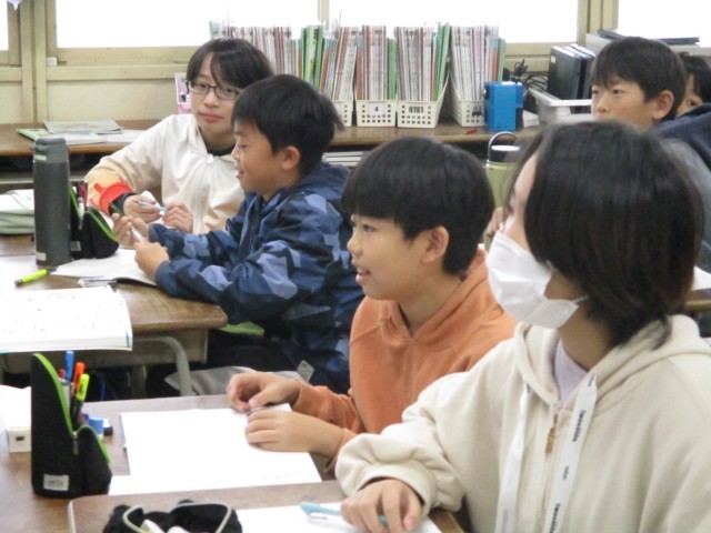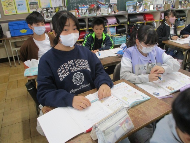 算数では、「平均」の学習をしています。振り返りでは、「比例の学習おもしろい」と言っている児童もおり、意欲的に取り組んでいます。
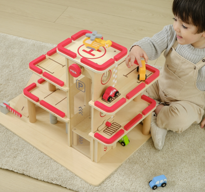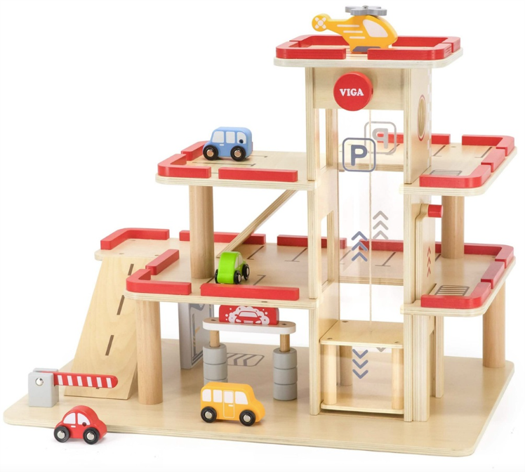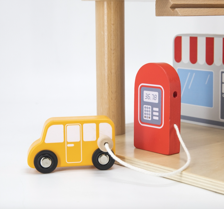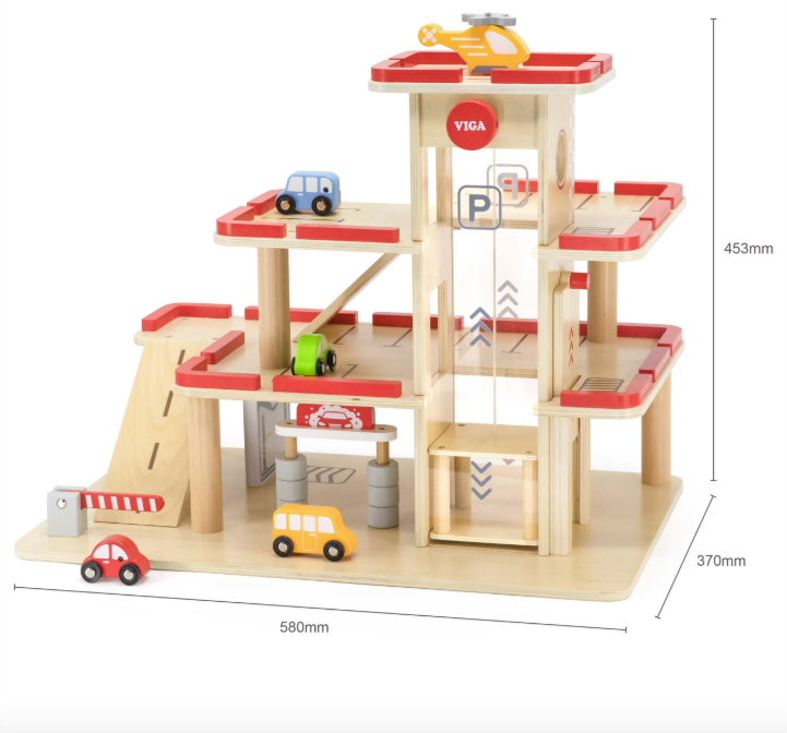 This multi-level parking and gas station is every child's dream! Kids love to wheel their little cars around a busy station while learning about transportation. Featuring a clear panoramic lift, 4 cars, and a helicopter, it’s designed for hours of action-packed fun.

____

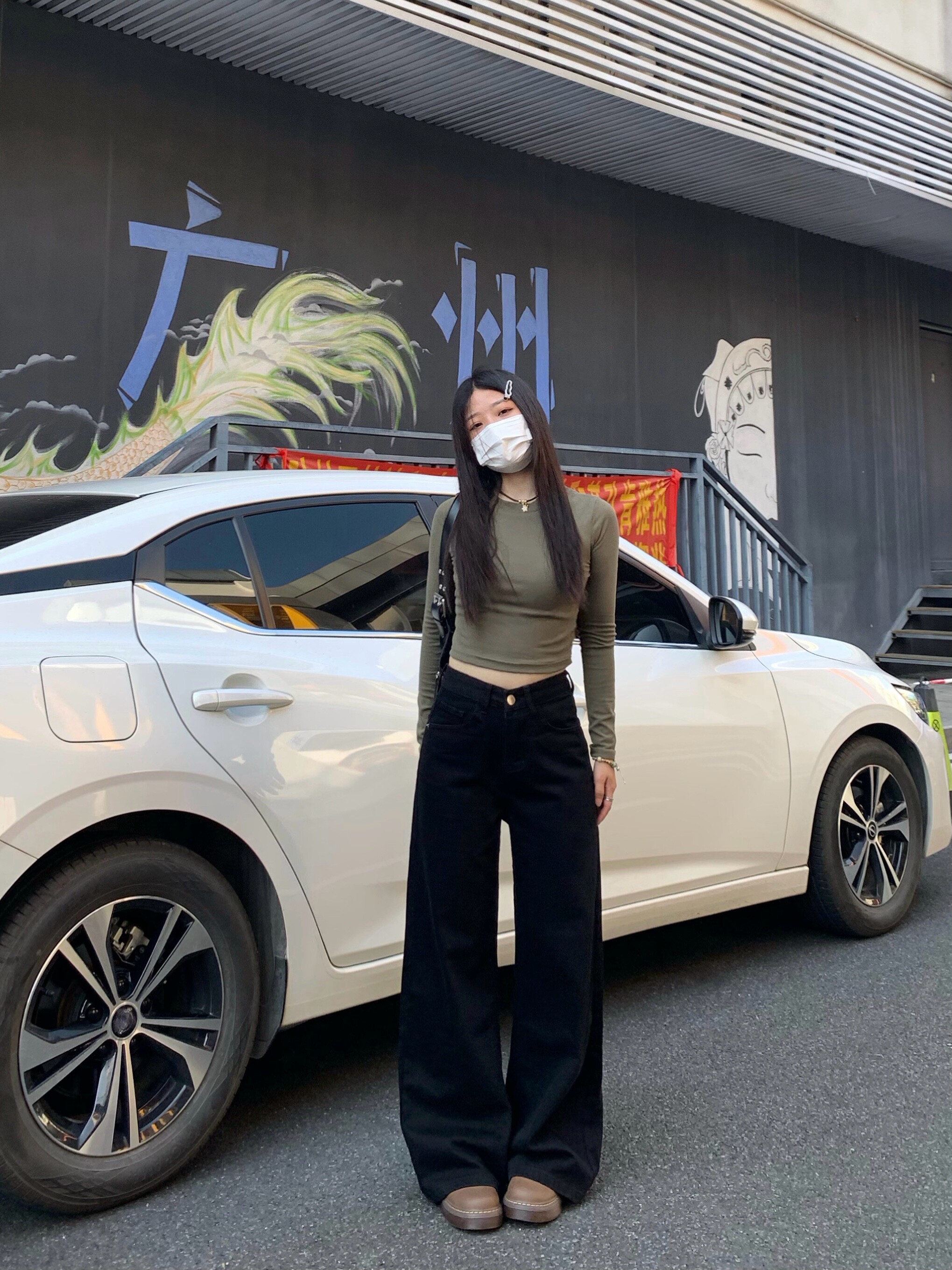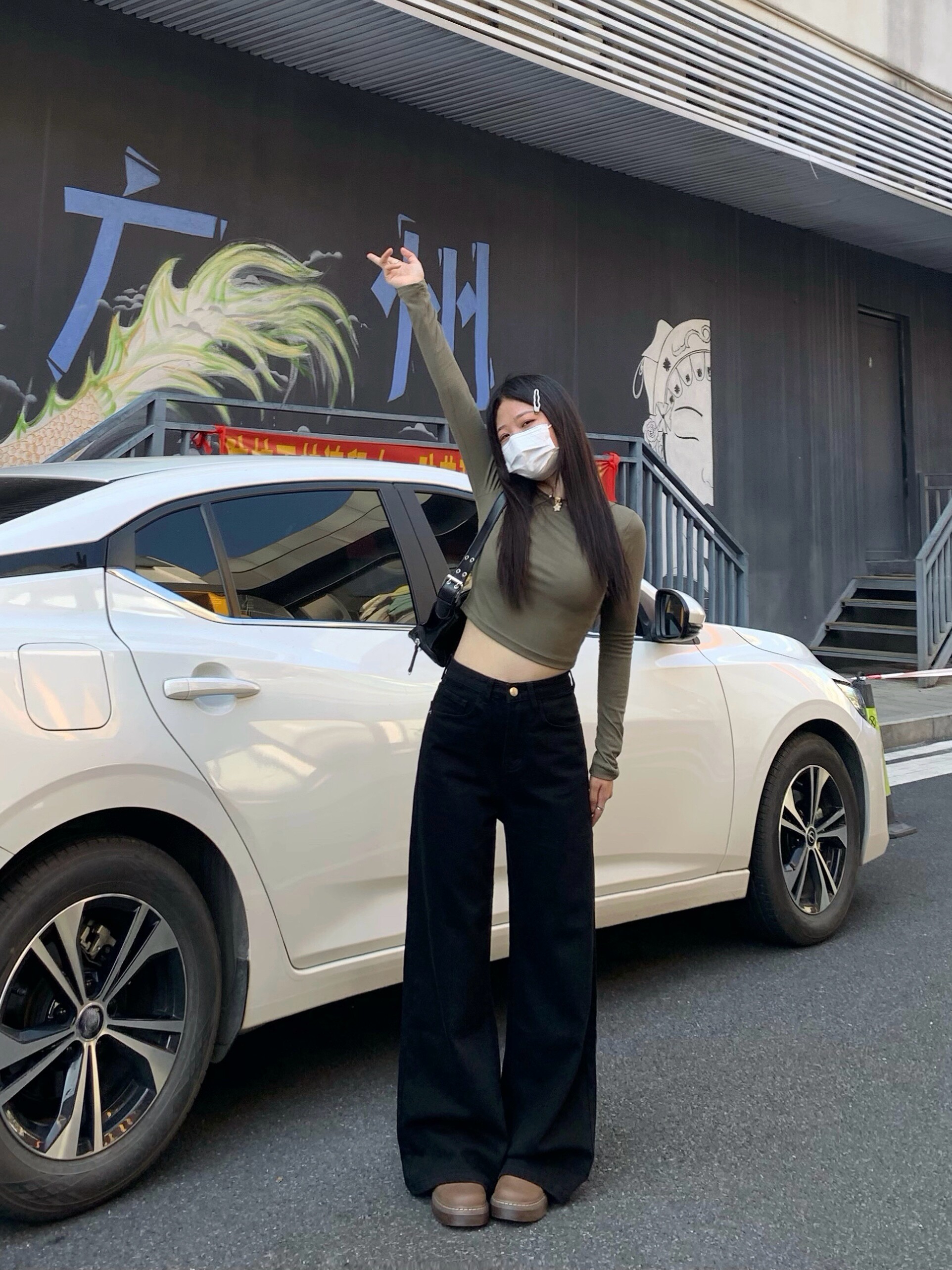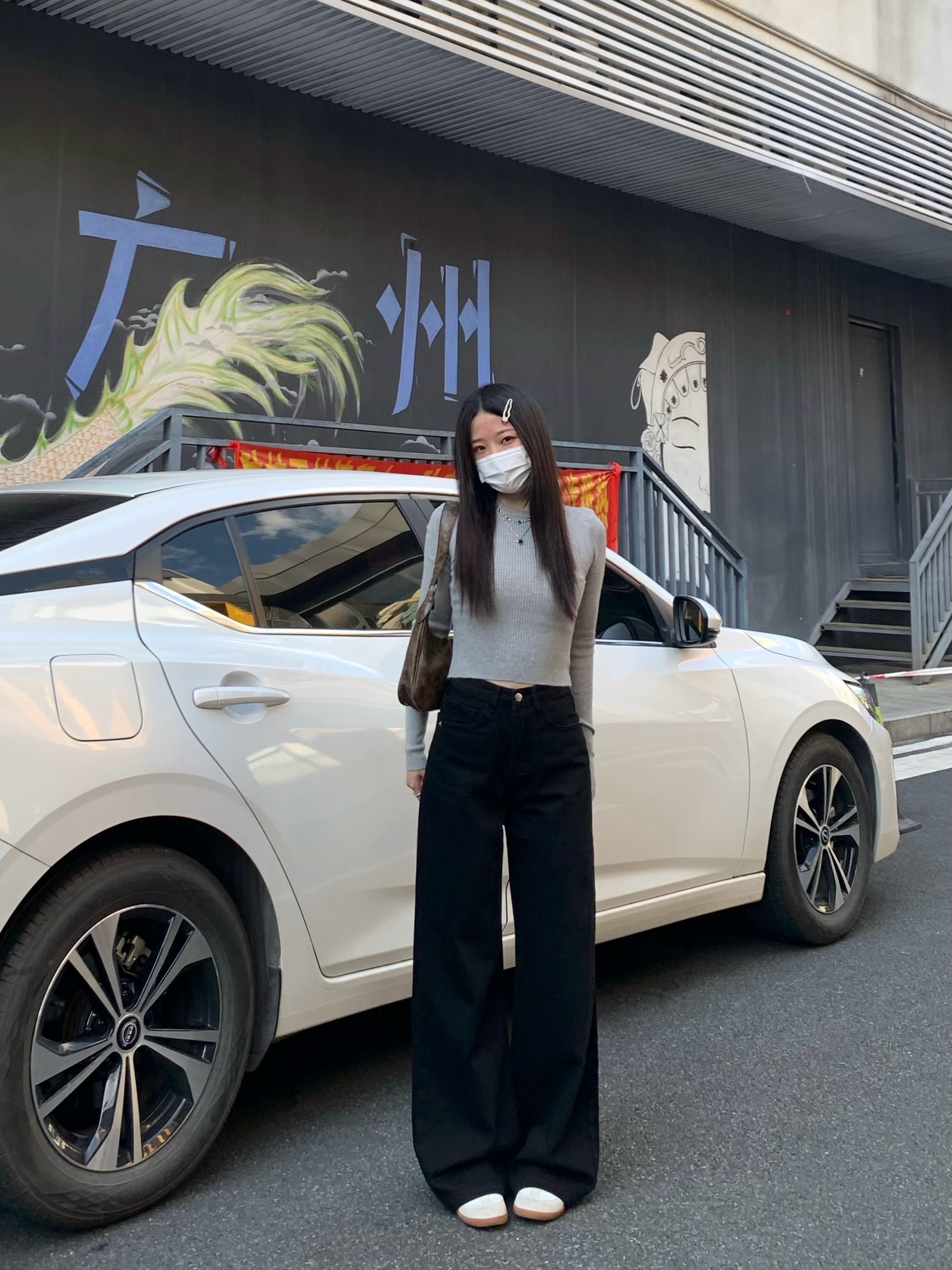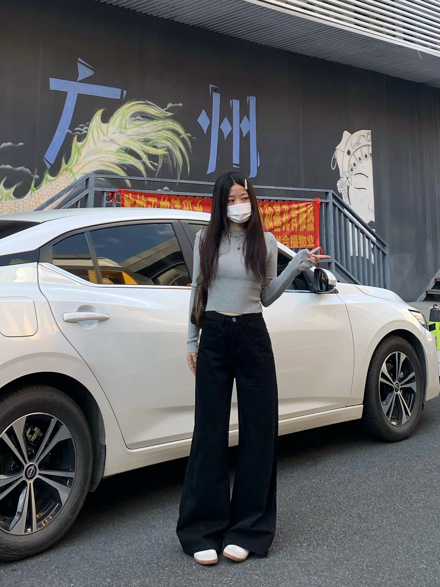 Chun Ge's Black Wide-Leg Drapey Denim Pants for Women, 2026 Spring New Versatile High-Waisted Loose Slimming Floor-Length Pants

____

- Problem -
Exactly reproduce the lines above, starting at the one that contains "算数では、「平均」の学習をし" and ending at the one that contains "This multi-level parking", both inclusive; leave the pictures out and add no other lines.

- Answer to the exercise -
 算数では、「平均」の学習をしています。振り返りでは、「比例の学習おもしろい」と言っている児童もおり、意欲的に取り組んでいます。
 This multi-level parking and gas station is every child's dream! Kids love to wheel their little cars around a busy station while learning about transportation. Featuring a clear panoramic lift, 4 cars, and a helicopter, it’s designed for hours of action-packed fun.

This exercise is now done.